» **Your assignment**:
Starting at the line with "The Hammock tote" and going on through the line with "This is an authentic", reproduce each line in the records below exactly and nothing more.

» **Data supplied**:

■ ■ ■ ■ ■ ■ ■

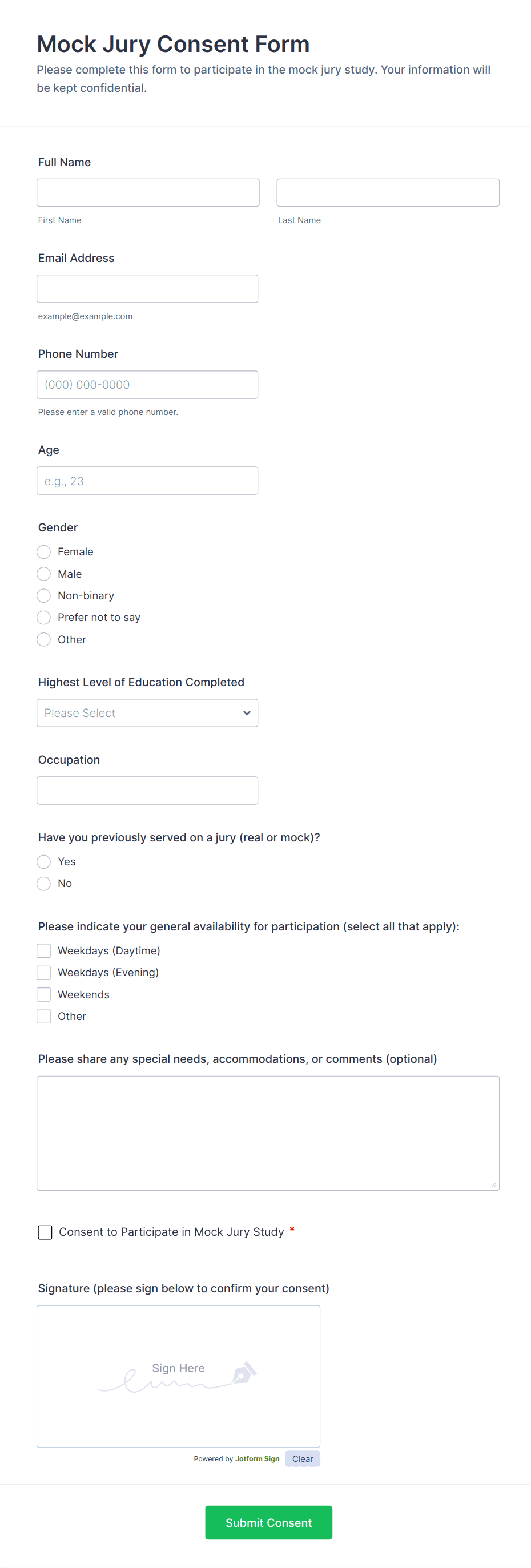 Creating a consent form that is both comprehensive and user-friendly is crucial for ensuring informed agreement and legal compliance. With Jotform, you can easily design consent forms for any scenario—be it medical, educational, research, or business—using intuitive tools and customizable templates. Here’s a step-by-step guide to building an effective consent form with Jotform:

■ ■ ■ ■ ■ ■ ■

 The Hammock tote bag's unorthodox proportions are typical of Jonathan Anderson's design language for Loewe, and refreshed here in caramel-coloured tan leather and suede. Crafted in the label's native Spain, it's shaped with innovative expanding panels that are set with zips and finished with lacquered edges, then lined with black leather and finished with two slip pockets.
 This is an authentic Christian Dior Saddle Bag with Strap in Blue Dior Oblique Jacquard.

■ ■ ■ ■ ■ ■ ■

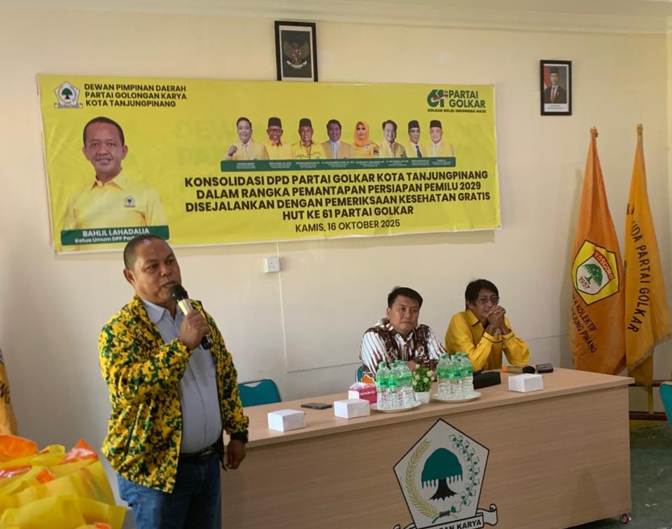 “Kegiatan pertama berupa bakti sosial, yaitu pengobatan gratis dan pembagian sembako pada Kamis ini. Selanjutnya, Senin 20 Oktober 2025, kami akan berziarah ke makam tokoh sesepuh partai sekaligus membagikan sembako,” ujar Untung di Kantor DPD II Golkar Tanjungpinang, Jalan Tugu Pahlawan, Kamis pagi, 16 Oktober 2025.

■ ■ ■ ■ ■ ■ ■

» **Exercise answer**:
 The Hammock tote bag's unorthodox proportions are typical of Jonathan Anderson's design language for Loewe, and refreshed here in caramel-coloured tan leather and suede. Crafted in the label's native Spain, it's shaped with innovative expanding panels that are set with zips and finished with lacquered edges, then lined with black leather and finished with two slip pockets.
 This is an authentic Christian Dior Saddle Bag with Strap in Blue Dior Oblique Jacquard.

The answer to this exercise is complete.